▶ [What is expected] The pictures in the data below are to be omitted; all else must be duplicated exactly.

━━ Exercise material

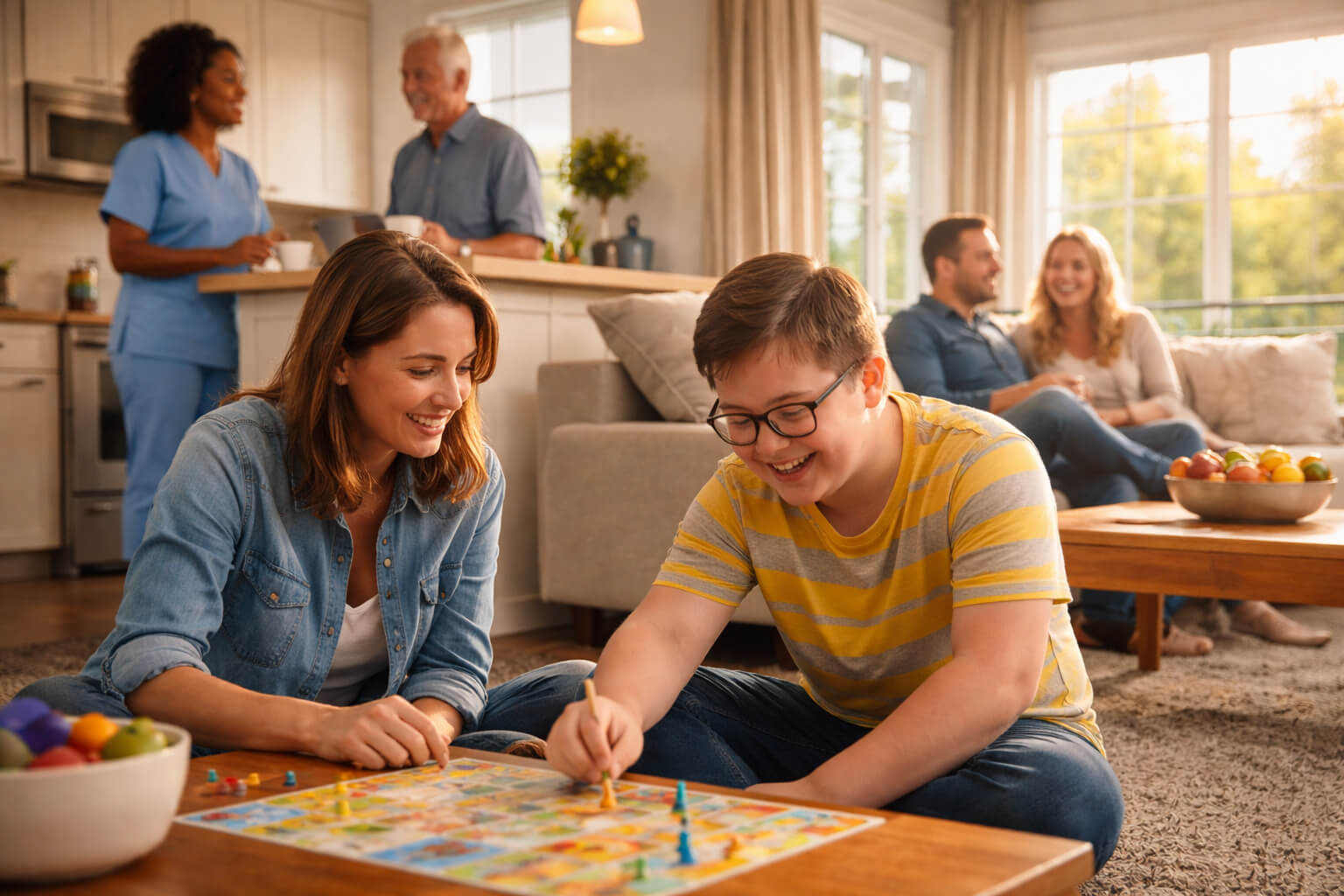 There’s help getting ready, support in the bathroom, someone there to guide—not rush. Breakfast gets handled without stress. The day starts calmer.
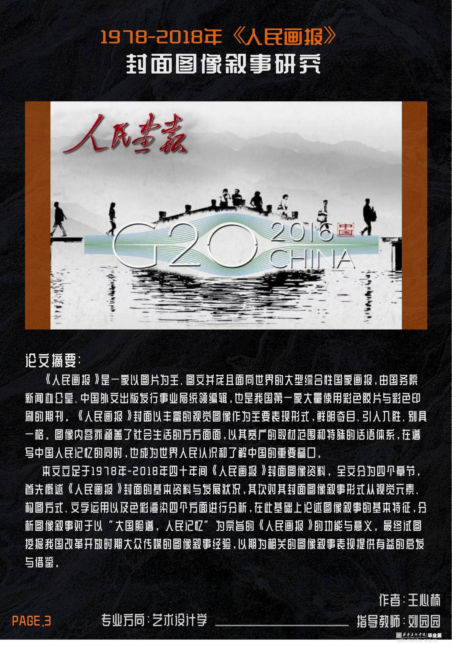 本文立足于1978年-2018年四十年间《人民画报》封面图像资料,全文分为四个章节,首先概述《人民画报》封面的基本资料与发展状况,其次对其封面图像叙事形式从视觉元素、构图方式、文字运用以及色彩渲染四个方面进行分析,在此基础上论述图像叙事的基本特征,分析图像叙事对于以“大国脸谱,人民记忆”为宗旨的《人民画报》的功能与意义。最终试图挖掘我国改革开放时期大众传媒的图像叙事经验,以期为相关的图像叙事表现提供有益的启发与借鉴。
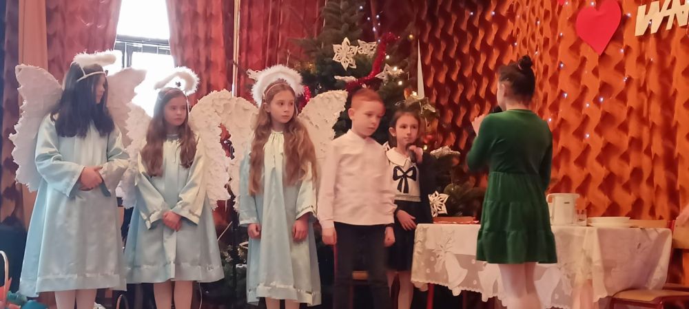 Na scenie przeistoczonej w szopkę betlejemską uczniowie zaprezentowali jasełka. Wspomnieli również, że Pan Jezus też miał dziadków, którzy bardzo go kochali, jednak nie mogli o tym opowiadać. W drugiej części uroczystości goście wysłuchali czułych słów kierowanych pod ich adresem, obejrzeli humorystyczny skecz i taniec. Mali artyści z przejęciem prezentowali swoje umiejętności teatralne i muzyczne. Goście ze wzruszeniem odbierali czułe słowa kierowane pod ich adresem, a duma z utalentowanych wnucząt rozpierała ich serca.
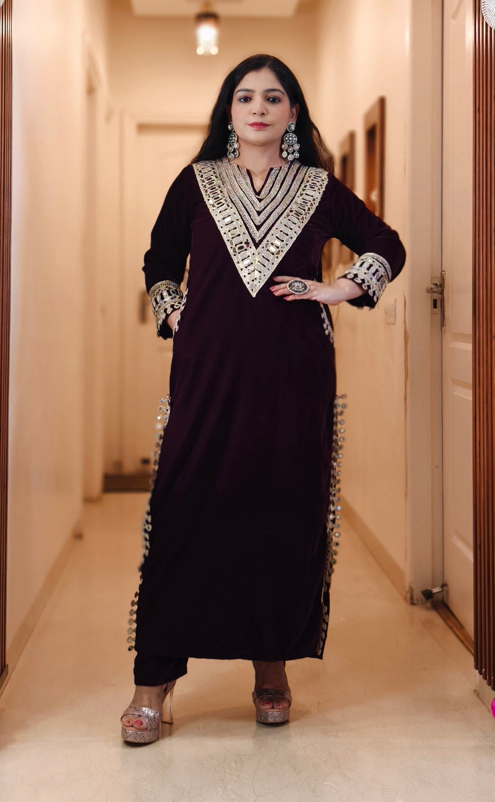 WINE PREMIUM LONG VELVET SUIT WITH REAL MIRROR AND DUPATTA
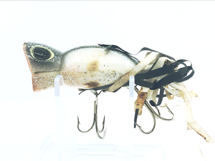 Arbogast Hula Popper Black and Sparkles. At about 2 1/2" long this larger hula popper is in good condition with very little wear but some stains. This iconic lure would look perfect in your collection or your tackle box. See photos.
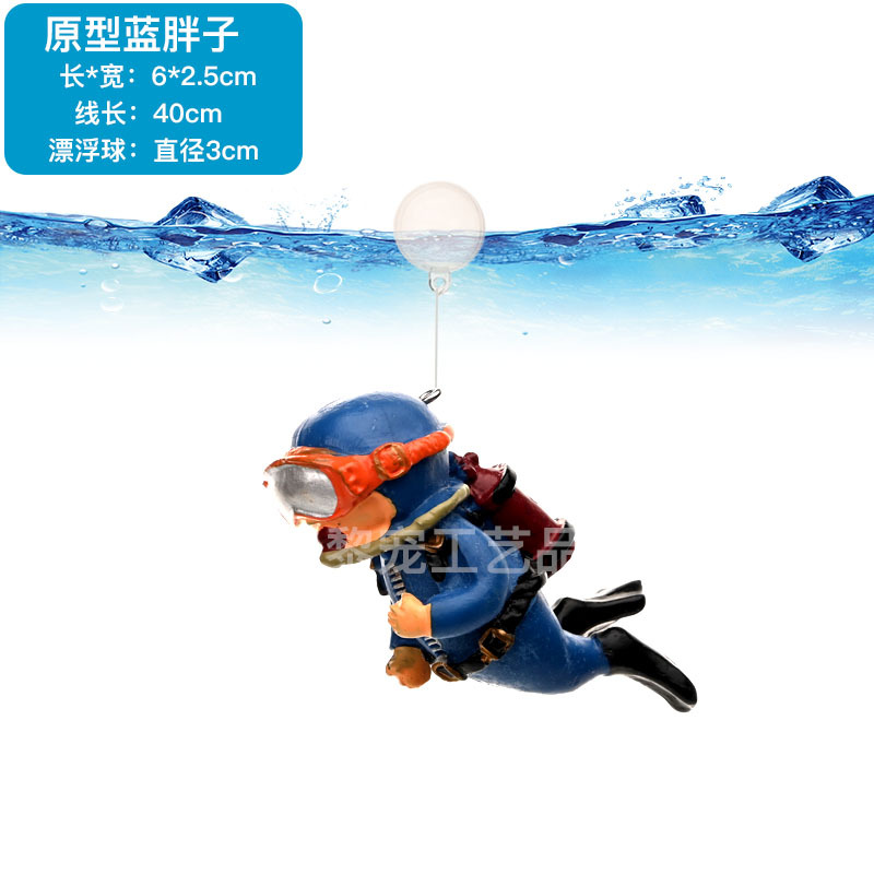 어항 조경 플로팅 다이버 창조적 인 장식 작은 마녀 수중 세계 잠긴 작은 장식품 Wukong 블루 팻 맨
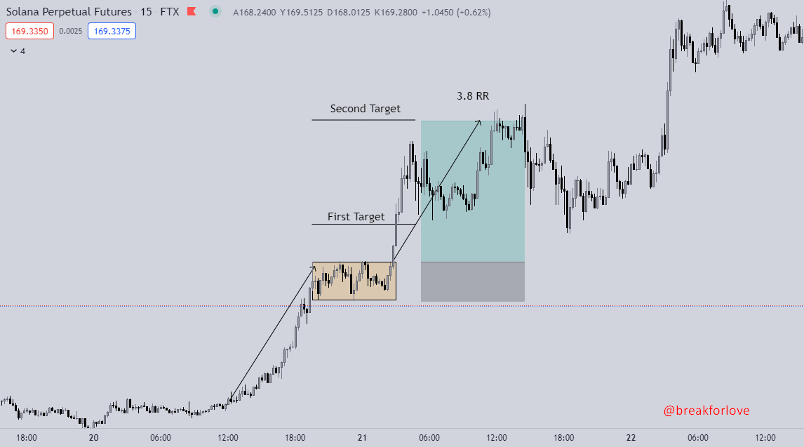When we look at the SOL/USDT pair, we can easily see that the price has formed a rectangle after the sharp rise. After receiving confirmation that the price has tested the support and resistance zone at least 2 times, we jump into the trend with the rise in the 3rd candle. The region we set as stop is below the support. If you want to be a successful trader, you have to follow the rules. According to this formation, the first target is as much as the structure formed by the rectangle. You should take your profit at the first TP point because there is no certainty that the asset will continue to rise. However, due to the possibility of continuing the upward movement, you may not close the position completely, and you can wait for another TP point.
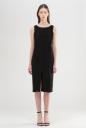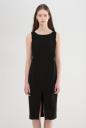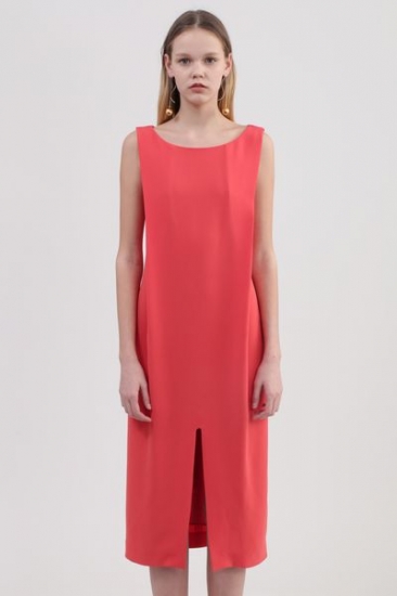 凜とした縦長シルエットで大人っぽさを強調するドレス。セクシーな背中開きと垂れたチェーンと肩から前身に入ったタックデザインがポイント。背中の開きが少し下がり、下着が覗きにくい仕様です。足元は大胆にカッティングされており、足さばき良くセンシュアリティーさを放つ1枚。※チェーンは取り外し可
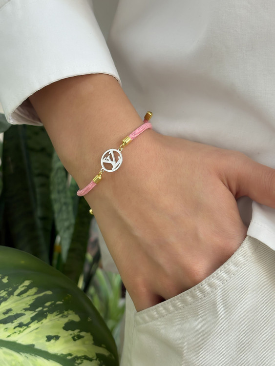 دستبند پلاک نقره لویی ویتون مدل مینیمال و فانتزی کاری شیک و دخترانه از گالری نیک سیلور است جنس کار نقره با عیار 925 و دستبند ابریشمی میباشد این دستبند زیبا مناسب استفاده روزمره میباشد و استایلی شیک و مینیمال به شما میدهد
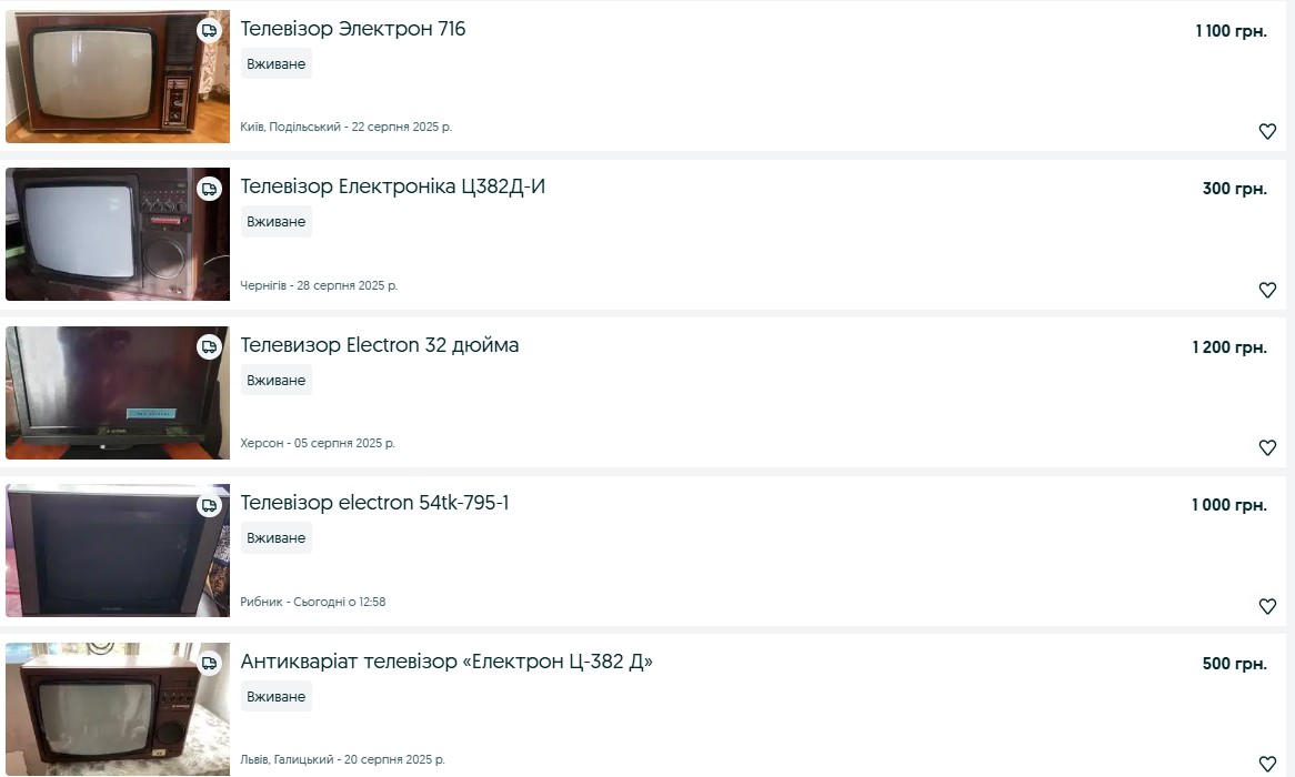 Сьогодні телевізори "Електрон" продаються як антикваріат на торгових майданчиках. На OLX можна знайти чорно-білі моделі за 350-500 гривень, кольорові — за 1000 гривень.
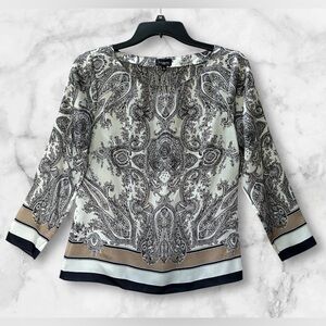 Talbots Silky Black White Tan Paisley Boho Floral Print Blouse Top Size 2P
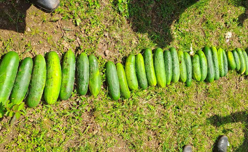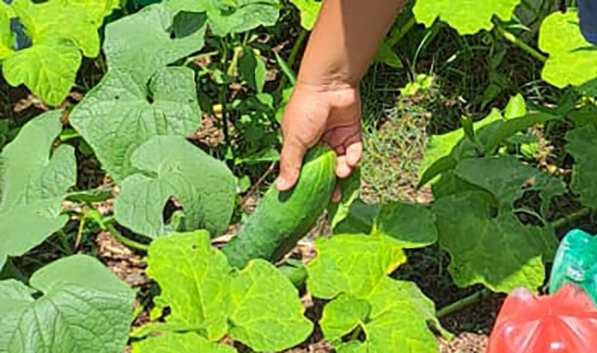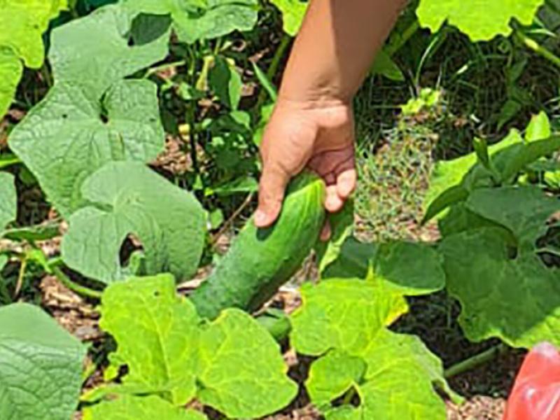 Alumnos recogen su cosecha de pepinos

━━━━

▶ [Expected answer]
 There’s help getting ready, support in the bathroom, someone there to guide—not rush. Breakfast gets handled without stress. The day starts calmer.
 本文立足于1978年-2018年四十年间《人民画报》封面图像资料,全文分为四个章节,首先概述《人民画报》封面的基本资料与发展状况,其次对其封面图像叙事形式从视觉元素、构图方式、文字运用以及色彩渲染四个方面进行分析,在此基础上论述图像叙事的基本特征,分析图像叙事对于以“大国脸谱,人民记忆”为宗旨的《人民画报》的功能与意义。最终试图挖掘我国改革开放时期大众传媒的图像叙事经验,以期为相关的图像叙事表现提供有益的启发与借鉴。
 Na scenie przeistoczonej w szopkę betlejemską uczniowie zaprezentowali jasełka. Wspomnieli również, że Pan Jezus też miał dziadków, którzy bardzo go kochali, jednak nie mogli o tym opowiadać. W drugiej części uroczystości goście wysłuchali czułych słów kierowanych pod ich adresem, obejrzeli humorystyczny skecz i taniec. Mali artyści z przejęciem prezentowali swoje umiejętności teatralne i muzyczne. Goście ze wzruszeniem odbierali czułe słowa kierowane pod ich adresem, a duma z utalentowanych wnucząt rozpierała ich serca.
 WINE PREMIUM LONG VELVET SUIT WITH REAL MIRROR AND DUPATTA
 Arbogast Hula Popper Black and Sparkles. At about 2 1/2" long this larger hula popper is in good condition with very little wear but some stains. This iconic lure would look perfect in your collection or your tackle box. See photos.
 어항 조경 플로팅 다이버 창조적 인 장식 작은 마녀 수중 세계 잠긴 작은 장식품 Wukong 블루 팻 맨
When we look at the SOL/USDT pair, we can easily see that the price has formed a rectangle after the sharp rise. After receiving confirmation that the price has tested the support and resistance zone at least 2 times, we jump into the trend with the rise in the 3rd candle. The region we set as stop is below the support. If you want to be a successful trader, you have to follow the rules. According to this formation, the first target is as much as the structure formed by the rectangle. You should take your profit at the first TP point because there is no certainty that the asset will continue to rise. However, due to the possibility of continuing the upward movement, you may not close the position completely, and you can wait for another TP point.
 凜とした縦長シルエットで大人っぽさを強調するドレス。セクシーな背中開きと垂れたチェーンと肩から前身に入ったタックデザインがポイント。背中の開きが少し下がり、下着が覗きにくい仕様です。足元は大胆にカッティングされており、足さばき良くセンシュアリティーさを放つ1枚。※チェーンは取り外し可
 دستبند پلاک نقره لویی ویتون مدل مینیمال و فانتزی کاری شیک و دخترانه از گالری نیک سیلور است جنس کار نقره با عیار 925 و دستبند ابریشمی میباشد این دستبند زیبا مناسب استفاده روزمره میباشد و استایلی شیک و مینیمال به شما میدهد
 Сьогодні телевізори "Електрон" продаються як антикваріат на торгових майданчиках. На OLX можна знайти чорно-білі моделі за 350-500 гривень, кольорові — за 1000 гривень.
 Talbots Silky Black White Tan Paisley Boho Floral Print Blouse Top Size 2P
 Alumnos recogen su cosecha de pepinos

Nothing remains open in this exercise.